**Records supplied**
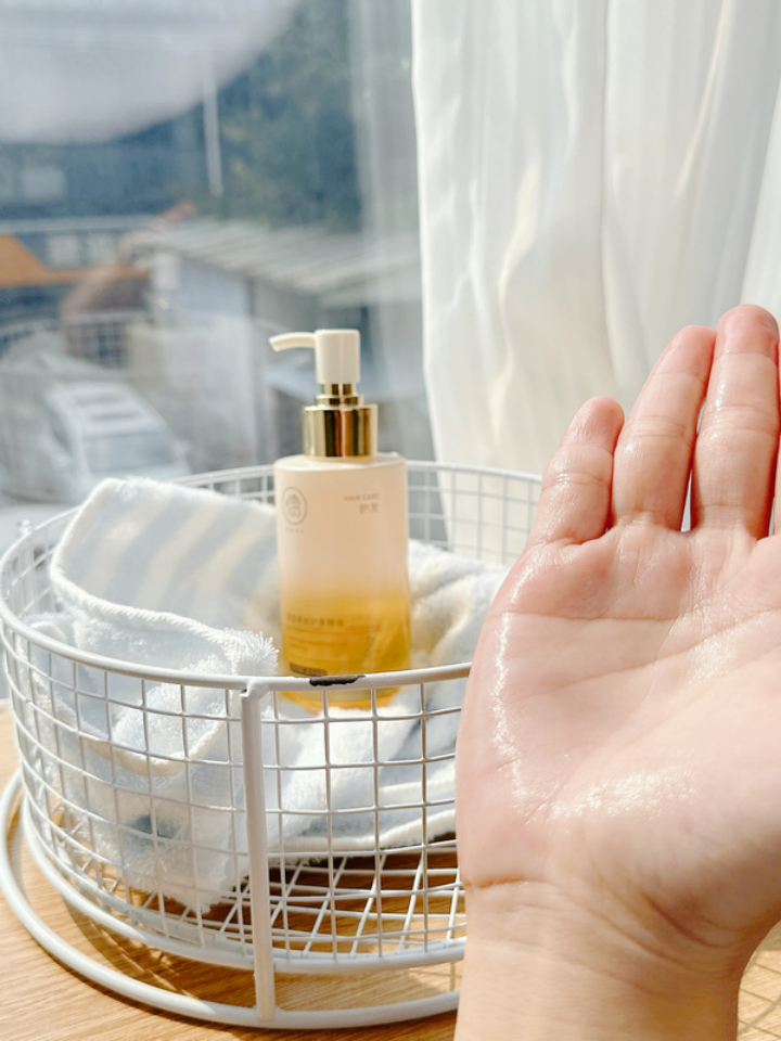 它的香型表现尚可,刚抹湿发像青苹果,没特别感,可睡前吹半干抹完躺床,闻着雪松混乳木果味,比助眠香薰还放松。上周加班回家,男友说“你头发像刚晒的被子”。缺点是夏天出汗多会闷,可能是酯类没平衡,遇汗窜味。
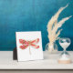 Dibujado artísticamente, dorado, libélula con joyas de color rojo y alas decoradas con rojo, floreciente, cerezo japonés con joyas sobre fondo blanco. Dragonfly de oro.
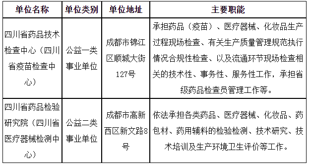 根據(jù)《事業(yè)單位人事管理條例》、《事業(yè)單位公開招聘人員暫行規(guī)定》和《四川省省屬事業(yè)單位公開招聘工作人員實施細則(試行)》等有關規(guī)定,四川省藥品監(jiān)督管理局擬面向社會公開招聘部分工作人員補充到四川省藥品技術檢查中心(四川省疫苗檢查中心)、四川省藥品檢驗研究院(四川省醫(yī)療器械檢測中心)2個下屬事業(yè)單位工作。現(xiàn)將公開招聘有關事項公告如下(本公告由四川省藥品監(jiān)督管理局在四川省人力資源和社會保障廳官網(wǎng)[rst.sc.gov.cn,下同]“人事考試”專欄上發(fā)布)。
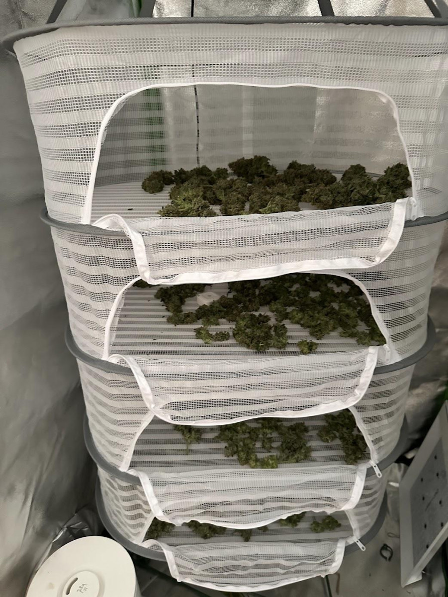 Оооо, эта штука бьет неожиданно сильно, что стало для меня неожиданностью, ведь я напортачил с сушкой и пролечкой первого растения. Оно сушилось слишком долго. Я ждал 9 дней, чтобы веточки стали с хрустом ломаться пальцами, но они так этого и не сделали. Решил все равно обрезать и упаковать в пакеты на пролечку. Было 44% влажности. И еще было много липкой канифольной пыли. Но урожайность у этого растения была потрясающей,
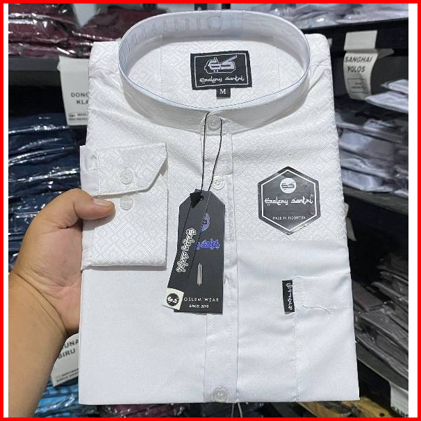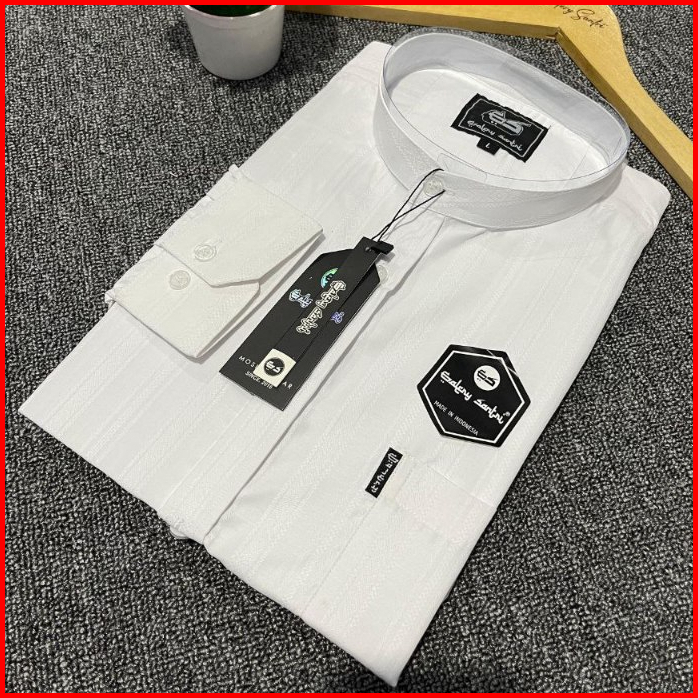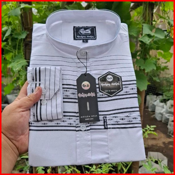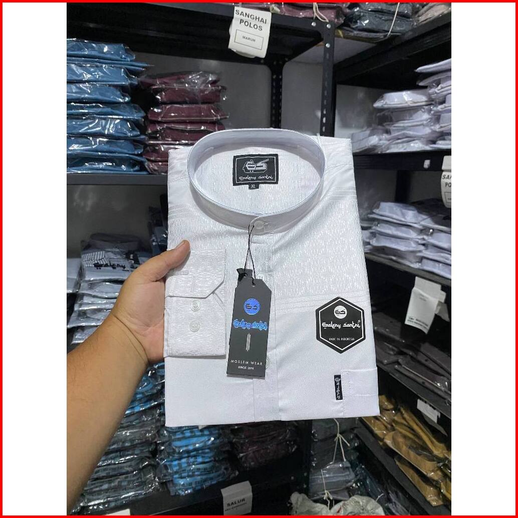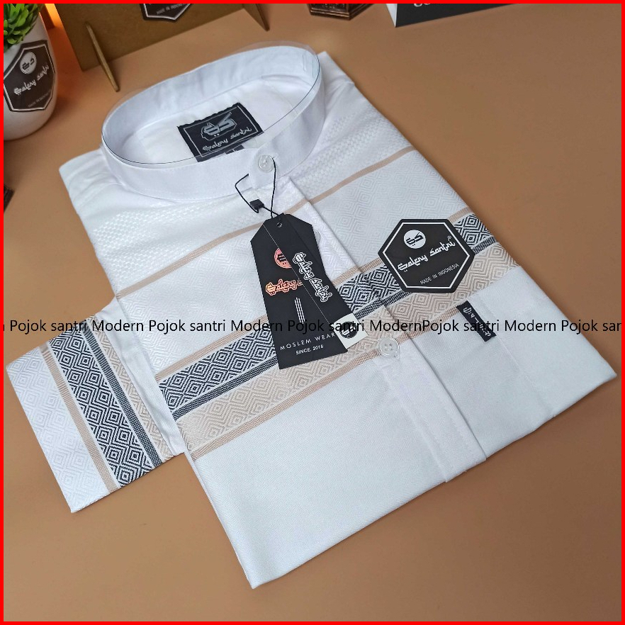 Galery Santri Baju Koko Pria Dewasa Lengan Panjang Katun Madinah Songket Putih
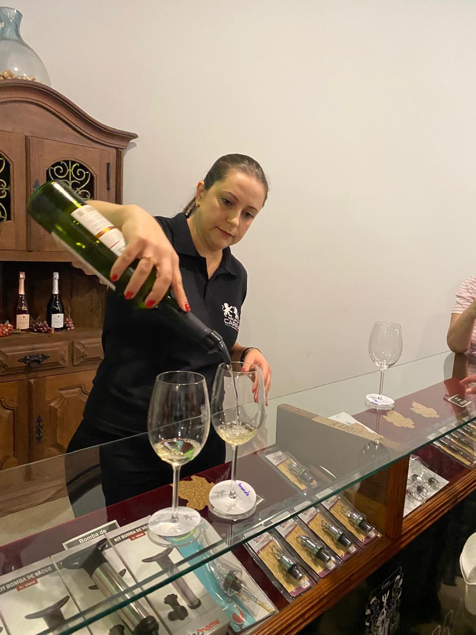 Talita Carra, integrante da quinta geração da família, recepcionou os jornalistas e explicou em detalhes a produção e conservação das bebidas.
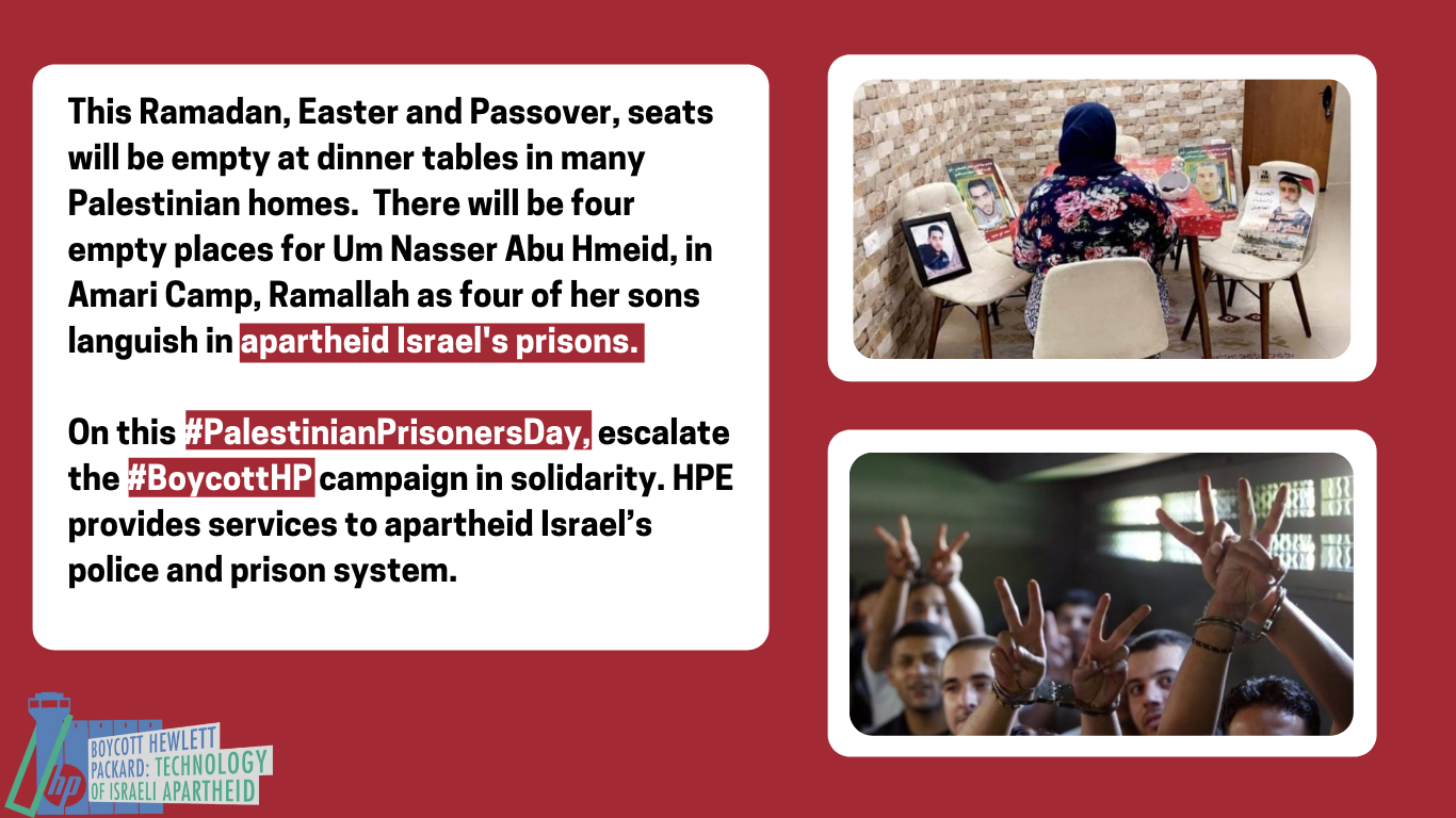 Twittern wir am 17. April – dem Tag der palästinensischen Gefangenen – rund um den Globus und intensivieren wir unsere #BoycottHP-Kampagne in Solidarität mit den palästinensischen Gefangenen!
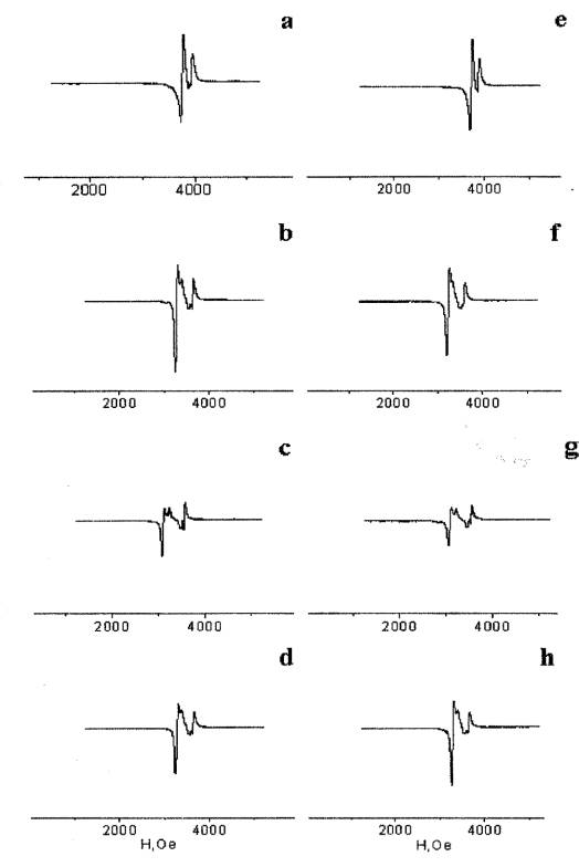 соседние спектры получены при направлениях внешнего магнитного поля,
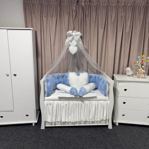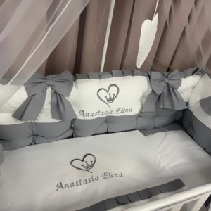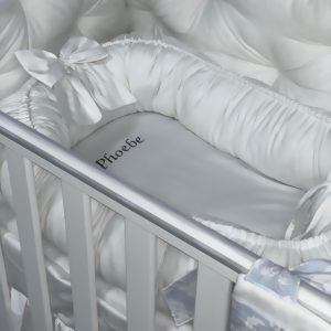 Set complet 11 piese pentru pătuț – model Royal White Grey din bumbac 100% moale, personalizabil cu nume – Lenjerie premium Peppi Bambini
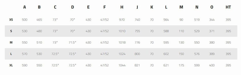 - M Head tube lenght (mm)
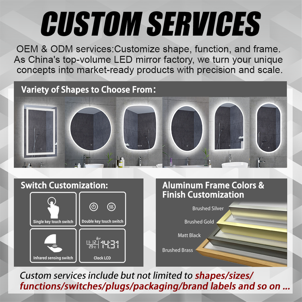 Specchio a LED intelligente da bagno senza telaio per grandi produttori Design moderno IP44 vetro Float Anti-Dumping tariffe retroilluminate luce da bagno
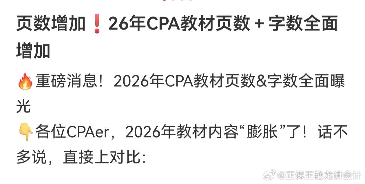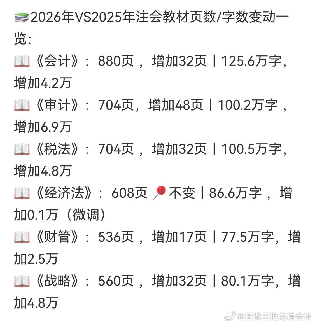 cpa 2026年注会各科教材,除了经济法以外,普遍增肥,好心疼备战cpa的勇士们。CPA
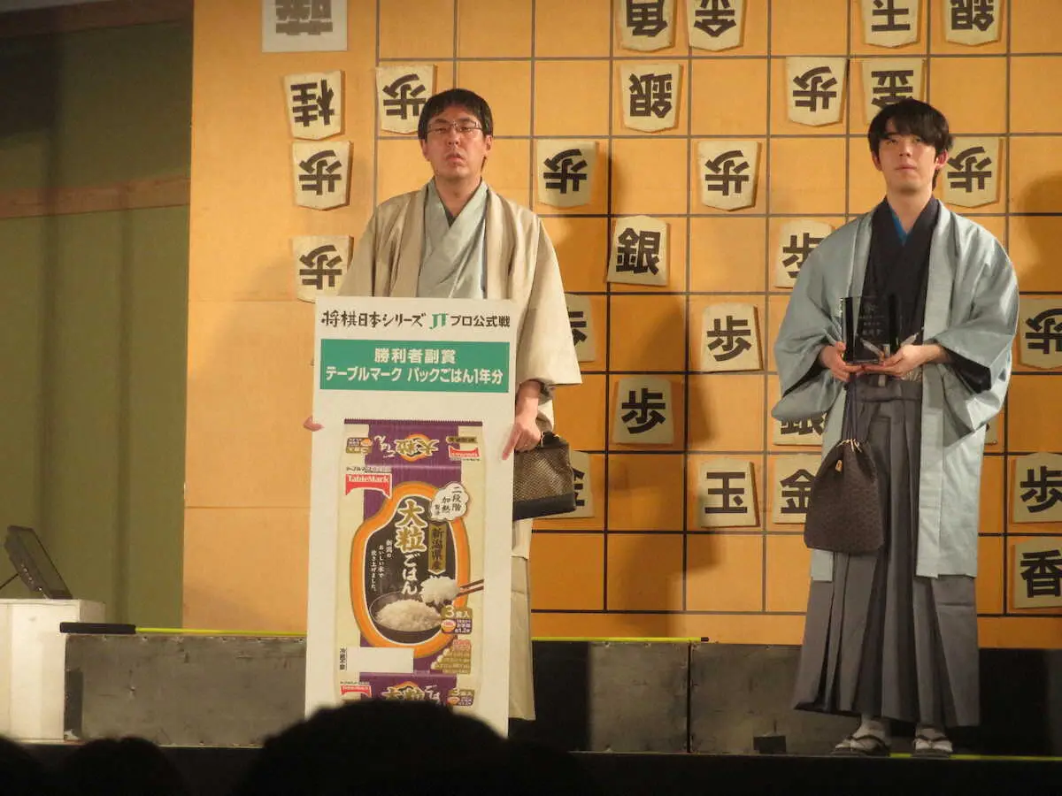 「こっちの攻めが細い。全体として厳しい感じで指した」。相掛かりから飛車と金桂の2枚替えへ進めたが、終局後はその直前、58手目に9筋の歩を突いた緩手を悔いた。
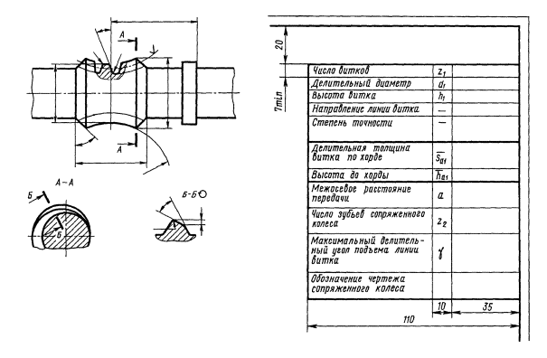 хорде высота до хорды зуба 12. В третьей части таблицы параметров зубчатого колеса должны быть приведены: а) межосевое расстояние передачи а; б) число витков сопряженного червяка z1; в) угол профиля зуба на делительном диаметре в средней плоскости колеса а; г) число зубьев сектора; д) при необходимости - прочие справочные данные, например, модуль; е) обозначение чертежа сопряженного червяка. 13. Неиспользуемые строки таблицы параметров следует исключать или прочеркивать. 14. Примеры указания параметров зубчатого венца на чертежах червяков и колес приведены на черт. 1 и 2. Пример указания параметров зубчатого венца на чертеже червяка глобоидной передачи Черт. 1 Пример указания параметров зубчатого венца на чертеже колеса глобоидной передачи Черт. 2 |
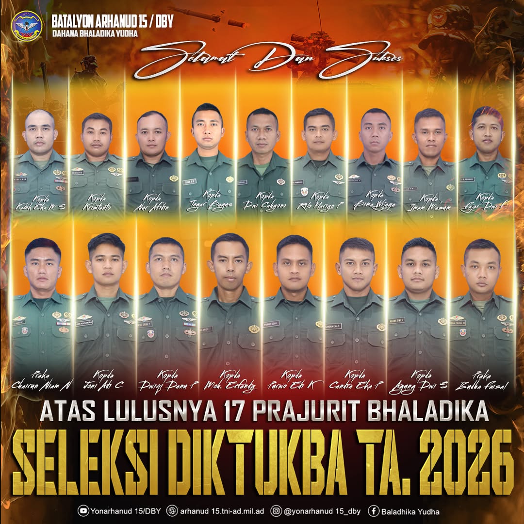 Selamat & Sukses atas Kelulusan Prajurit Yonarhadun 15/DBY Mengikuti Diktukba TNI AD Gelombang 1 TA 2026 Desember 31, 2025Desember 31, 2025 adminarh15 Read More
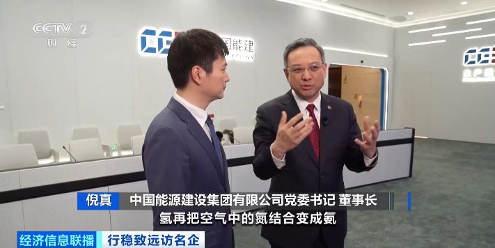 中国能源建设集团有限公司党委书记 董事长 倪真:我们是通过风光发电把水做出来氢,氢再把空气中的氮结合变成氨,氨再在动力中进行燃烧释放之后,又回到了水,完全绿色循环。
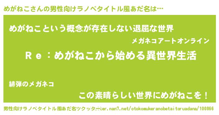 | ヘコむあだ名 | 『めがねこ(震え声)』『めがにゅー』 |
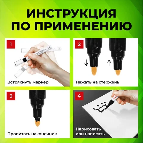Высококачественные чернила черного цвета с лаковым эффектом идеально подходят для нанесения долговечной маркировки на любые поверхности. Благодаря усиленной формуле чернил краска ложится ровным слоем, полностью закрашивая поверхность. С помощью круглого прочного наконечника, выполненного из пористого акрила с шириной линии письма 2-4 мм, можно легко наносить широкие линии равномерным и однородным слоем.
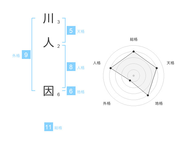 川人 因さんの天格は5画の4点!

**Action item**
All of the entries need to be retyped word for word, pictures excluded.

**Output for this exercise**
 它的香型表现尚可,刚抹湿发像青苹果,没特别感,可睡前吹半干抹完躺床,闻着雪松混乳木果味,比助眠香薰还放松。上周加班回家,男友说“你头发像刚晒的被子”。缺点是夏天出汗多会闷,可能是酯类没平衡,遇汗窜味。
 Dibujado artísticamente, dorado, libélula con joyas de color rojo y alas decoradas con rojo, floreciente, cerezo japonés con joyas sobre fondo blanco. Dragonfly de oro.
 根據(jù)《事業(yè)單位人事管理條例》、《事業(yè)單位公開招聘人員暫行規(guī)定》和《四川省省屬事業(yè)單位公開招聘工作人員實施細則(試行)》等有關規(guī)定,四川省藥品監(jiān)督管理局擬面向社會公開招聘部分工作人員補充到四川省藥品技術檢查中心(四川省疫苗檢查中心)、四川省藥品檢驗研究院(四川省醫(yī)療器械檢測中心)2個下屬事業(yè)單位工作。現(xiàn)將公開招聘有關事項公告如下(本公告由四川省藥品監(jiān)督管理局在四川省人力資源和社會保障廳官網(wǎng)[rst.sc.gov.cn,下同]“人事考試”專欄上發(fā)布)。
 Оооо, эта штука бьет неожиданно сильно, что стало для меня неожиданностью, ведь я напортачил с сушкой и пролечкой первого растения. Оно сушилось слишком долго. Я ждал 9 дней, чтобы веточки стали с хрустом ломаться пальцами, но они так этого и не сделали. Решил все равно обрезать и упаковать в пакеты на пролечку. Было 44% влажности. И еще было много липкой канифольной пыли. Но урожайность у этого растения была потрясающей,
 Galery Santri Baju Koko Pria Dewasa Lengan Panjang Katun Madinah Songket Putih
 Talita Carra, integrante da quinta geração da família, recepcionou os jornalistas e explicou em detalhes a produção e conservação das bebidas.
 Twittern wir am 17. April – dem Tag der palästinensischen Gefangenen – rund um den Globus und intensivieren wir unsere #BoycottHP-Kampagne in Solidarität mit den palästinensischen Gefangenen!
 соседние спектры получены при направлениях внешнего магнитного поля,
 Set complet 11 piese pentru pătuț – model Royal White Grey din bumbac 100% moale, personalizabil cu nume – Lenjerie premium Peppi Bambini
 - M Head tube lenght (mm)
 Specchio a LED intelligente da bagno senza telaio per grandi produttori Design moderno IP44 vetro Float Anti-Dumping tariffe retroilluminate luce da bagno
 cpa 2026年注会各科教材,除了经济法以外,普遍增肥,好心疼备战cpa的勇士们。CPA
 「こっちの攻めが細い。全体として厳しい感じで指した」。相掛かりから飛車と金桂の2枚替えへ進めたが、終局後はその直前、58手目に9筋の歩を突いた緩手を悔いた。
 хорде высота до хорды зуба 12. В третьей части таблицы параметров зубчатого колеса должны быть приведены: а) межосевое расстояние передачи а; б) число витков сопряженного червяка z1; в) угол профиля зуба на делительном диаметре в средней плоскости колеса а; г) число зубьев сектора; д) при необходимости - прочие справочные данные, например, модуль; е) обозначение чертежа сопряженного червяка. 13. Неиспользуемые строки таблицы параметров следует исключать или прочеркивать. 14. Примеры указания параметров зубчатого венца на чертежах червяков и колес приведены на черт. 1 и 2. Пример указания параметров зубчатого венца на чертеже червяка глобоидной передачи Черт. 1 Пример указания параметров зубчатого венца на чертеже колеса глобоидной передачи Черт. 2 |
 Selamat & Sukses atas Kelulusan Prajurit Yonarhadun 15/DBY Mengikuti Diktukba TNI AD Gelombang 1 TA 2026 Desember 31, 2025Desember 31, 2025 adminarh15 Read More
 中国能源建设集团有限公司党委书记 董事长 倪真:我们是通过风光发电把水做出来氢,氢再把空气中的氮结合变成氨,氨再在动力中进行燃烧释放之后,又回到了水,完全绿色循环。
 | ヘコむあだ名 | 『めがねこ(震え声)』『めがにゅー』 |
Высококачественные чернила черного цвета с лаковым эффектом идеально подходят для нанесения долговечной маркировки на любые поверхности. Благодаря усиленной формуле чернил краска ложится ровным слоем, полностью закрашивая поверхность. С помощью круглого прочного наконечника, выполненного из пористого акрила с шириной линии письма 2-4 мм, можно легко наносить широкие линии равномерным и однородным слоем.
 川人 因さんの天格は5画の4点!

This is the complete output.